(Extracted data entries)
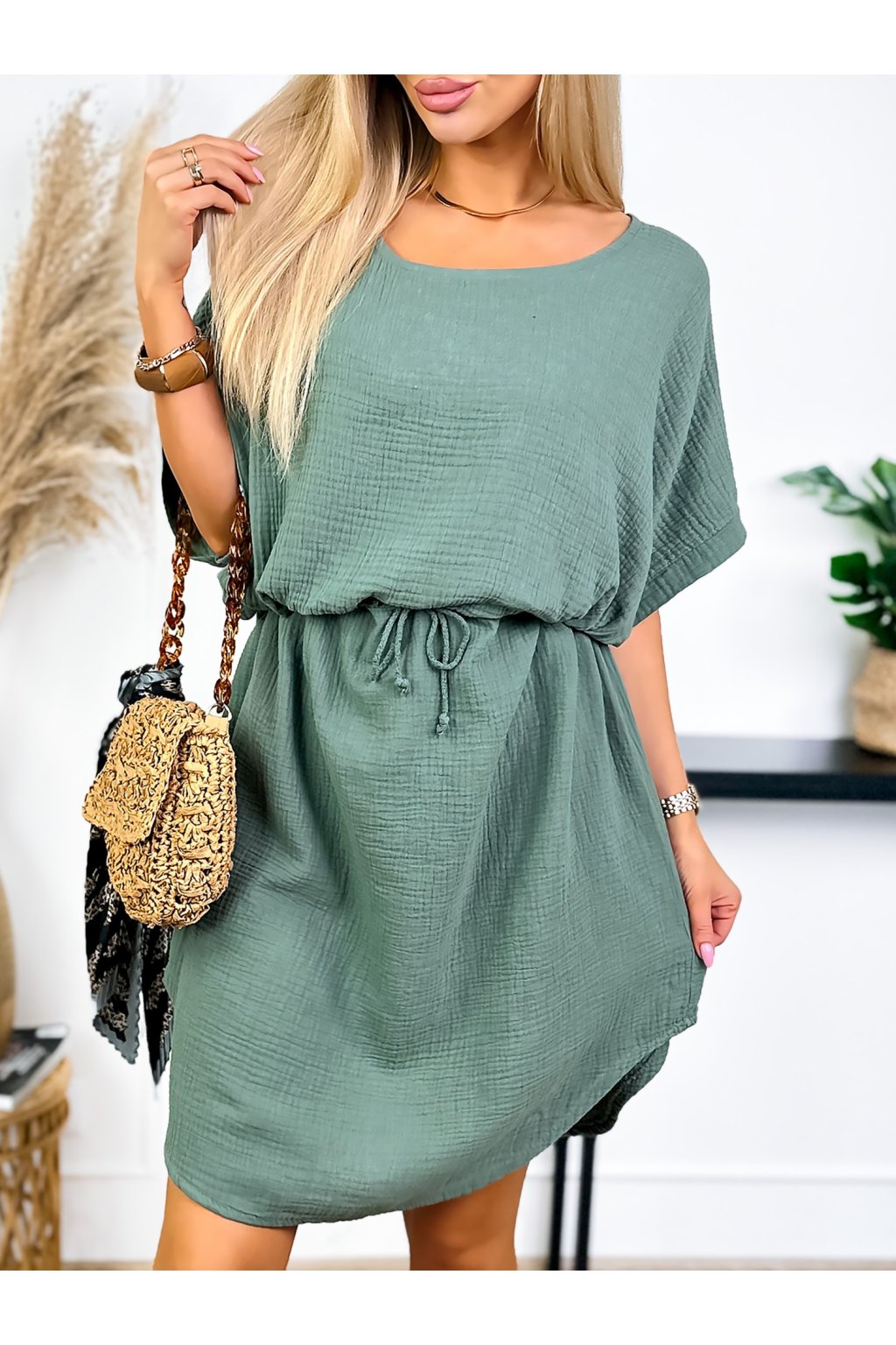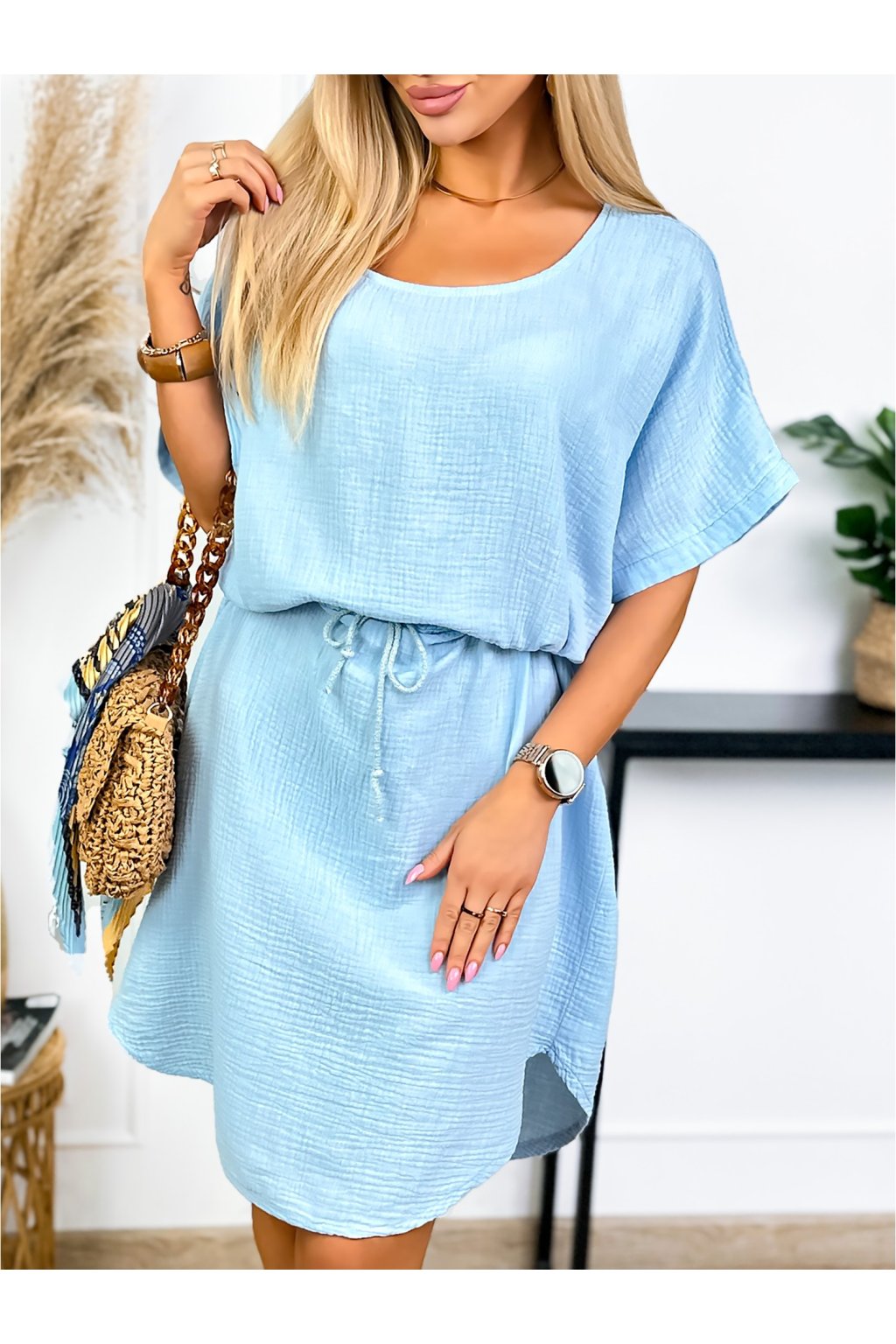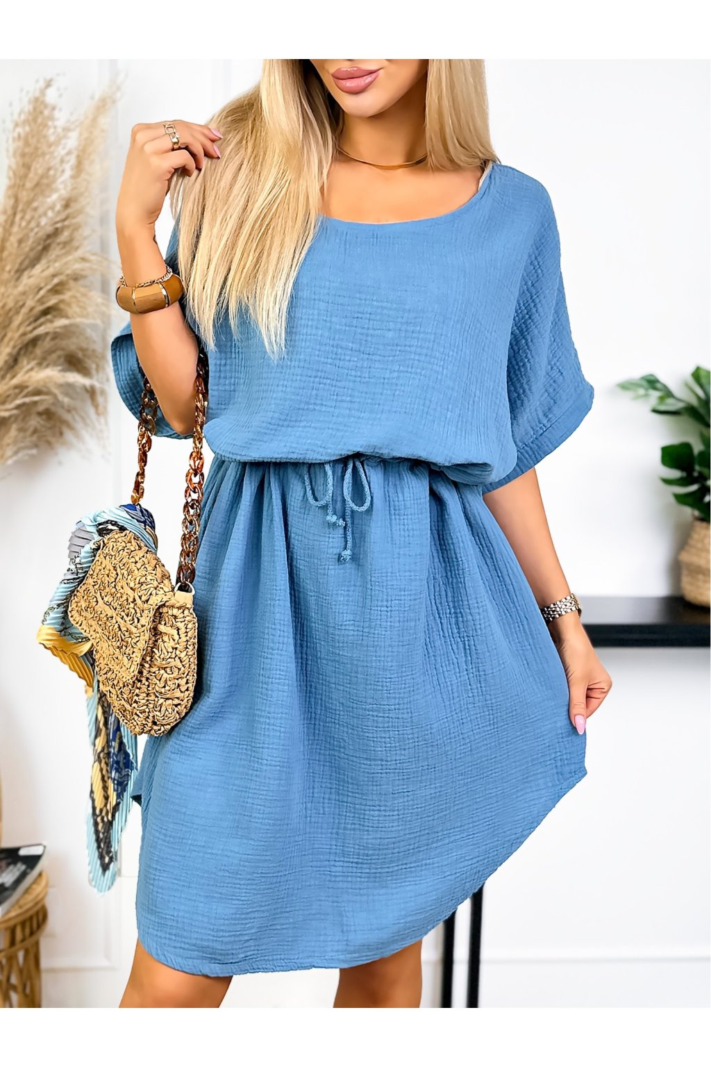 Tieto mušelínové šaty sú ideálne na letné outfity. Sú vyrobené z pohodlnej bavlny, majú klasický okrúhly výstrih a voľné krátke rukávy. Nastaviteľný pás zaisťuje perfektné padnutie a zvýrazňuje vašu postavu.
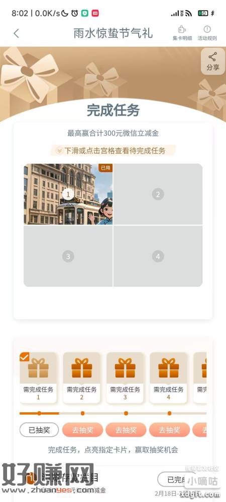 工行APP--首页搜索“任务中心”--节气礼--抽1-100
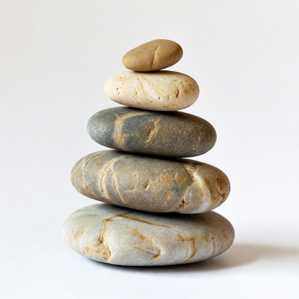 A stack of five smooth pebbles is perfectly balanced in a pyramid shape. The stones vary in size and color from gray to beige and white. They are centered against a plain white background.
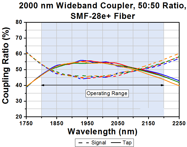 - 2000 nm Fiber Optic Couplers with ±150 nm or ±200 nm Bandwidth
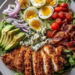 Prepare the Salad Base: While the chicken bakes, arrange the mixed salad greens attractively on a large platter. Position the cherry tomatoes, avocado, hard-boiled eggs, bacon, blue cheese, red onion, and cucumber in neat rows, creating an eye-catching presentation.
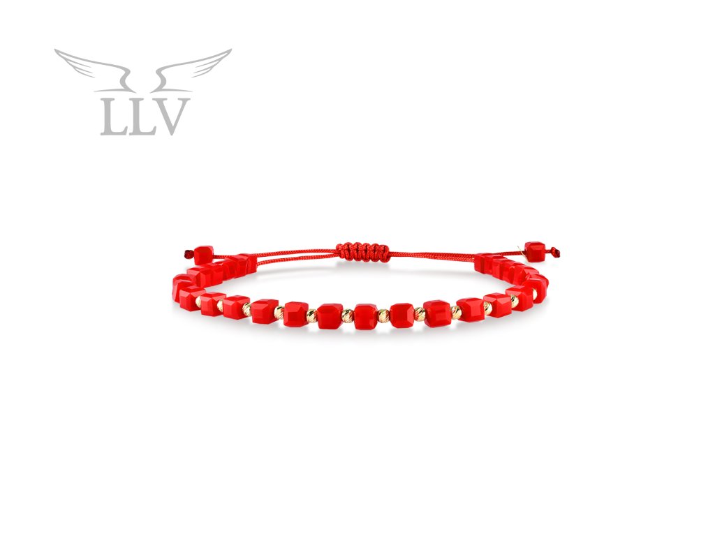 Moderný náramok s červenými krištáľmi doplnený guľôčkami zo žltého 14k zlata.

> What is being asked: Without including any pictures, output all the entries above exactly.

> Worked solution:
 Tieto mušelínové šaty sú ideálne na letné outfity. Sú vyrobené z pohodlnej bavlny, majú klasický okrúhly výstrih a voľné krátke rukávy. Nastaviteľný pás zaisťuje perfektné padnutie a zvýrazňuje vašu postavu.
 工行APP--首页搜索“任务中心”--节气礼--抽1-100
 A stack of five smooth pebbles is perfectly balanced in a pyramid shape. The stones vary in size and color from gray to beige and white. They are centered against a plain white background.
 - 2000 nm Fiber Optic Couplers with ±150 nm or ±200 nm Bandwidth
 Prepare the Salad Base: While the chicken bakes, arrange the mixed salad greens attractively on a large platter. Position the cherry tomatoes, avocado, hard-boiled eggs, bacon, blue cheese, red onion, and cucumber in neat rows, creating an eye-catching presentation.
 Moderný náramok s červenými krištáľmi doplnený guľôčkami zo žltého 14k zlata.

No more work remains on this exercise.